But, again, what about me here? The results he's getting line up pretty well with my experience. Why does your anecdotal evidence trump mine?
Quite apart from the weight of the comments in this thread suggesting
your experience is the anomaly (and do you
really see 95% of clerics multiclassed?!), it's quite clear that the research methodology is flawed.
1) In my experience, the vast majority of player characters used in actual play are not created or levelled on D&D Beyond. That's anecdotal, but in order for the research to be valid it's the responsibility of the researcher to demonstrate that at least a significantly large sample of player characters used in actual play
are created on D&D Beyond for the results to be valid. They are also only considering people who have unlocked all options. If you take a small sample size and make it even smaller you are going to get all sorts of weird anomalies.

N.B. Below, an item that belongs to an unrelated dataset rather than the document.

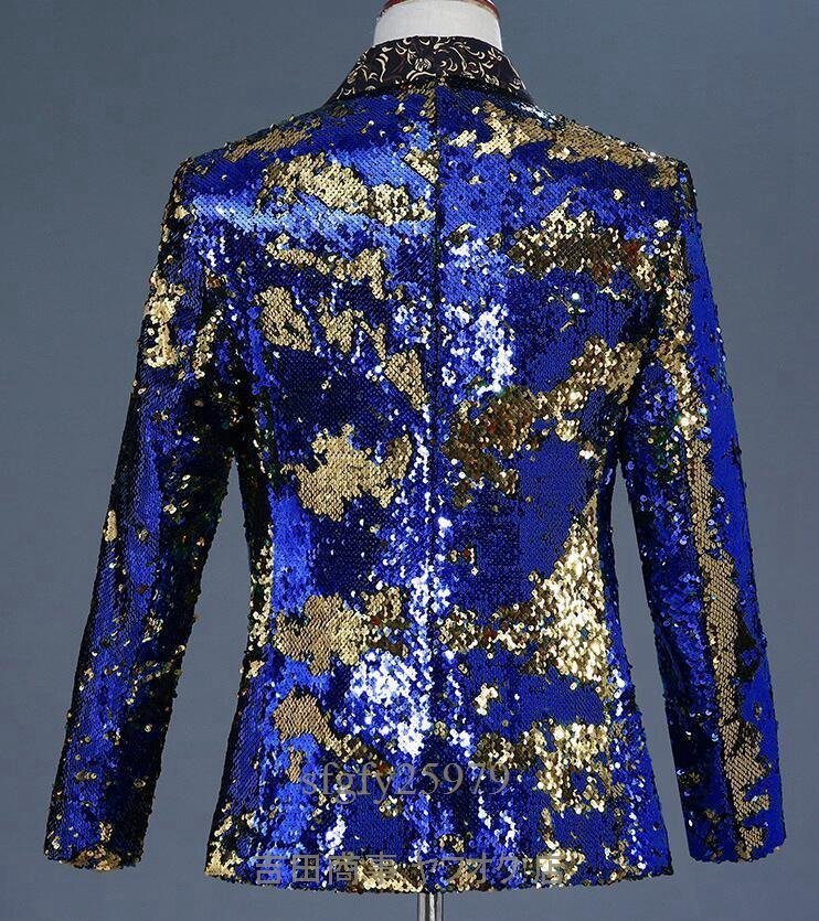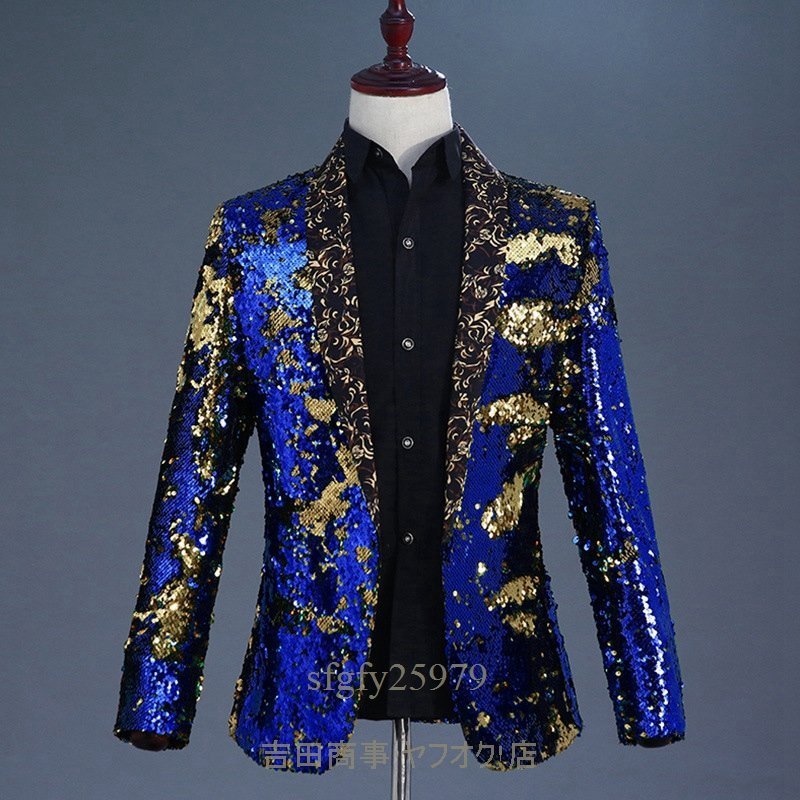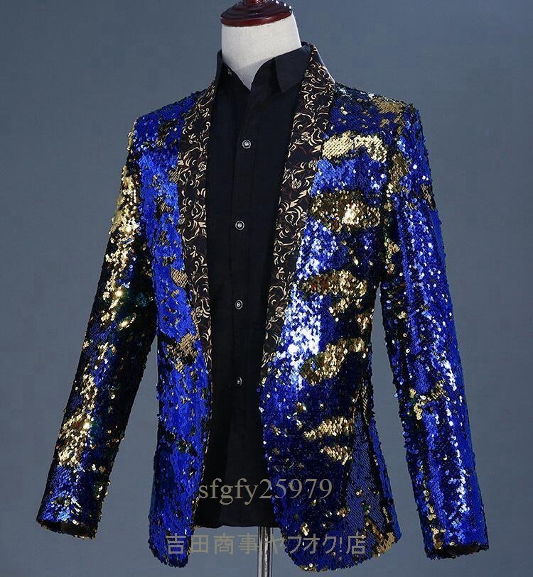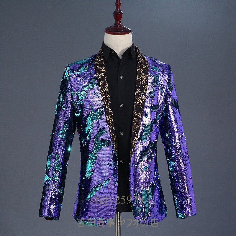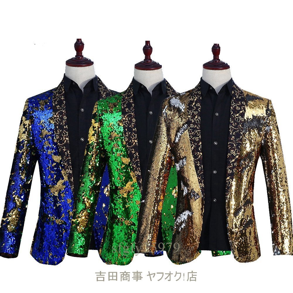 A7618新品 上質2点 ブルスーツセット6色展開スパンコール タキシード ステージ衣装メンズ上着ズボンM L-5XL司会 演奏会 発表会 緑

2) We have very good reason to suppose that the vast majority of characters that are created on D&D Beyond are never used in actual play. The authors' claim to have accounted for that, but they have not demonstrated that their selection process
actually works. In order to do so you would need to take a sample of the characters your method has produced and survey their creators to find out if they are actually played.
3) It assumes independence: i.e. what character someone chooses to play in a party is not influenced by what the other players choose. This is quite clearly an invalid assumption. If a party already contains two of any character type it is unlikely anyone will choose to play as a third.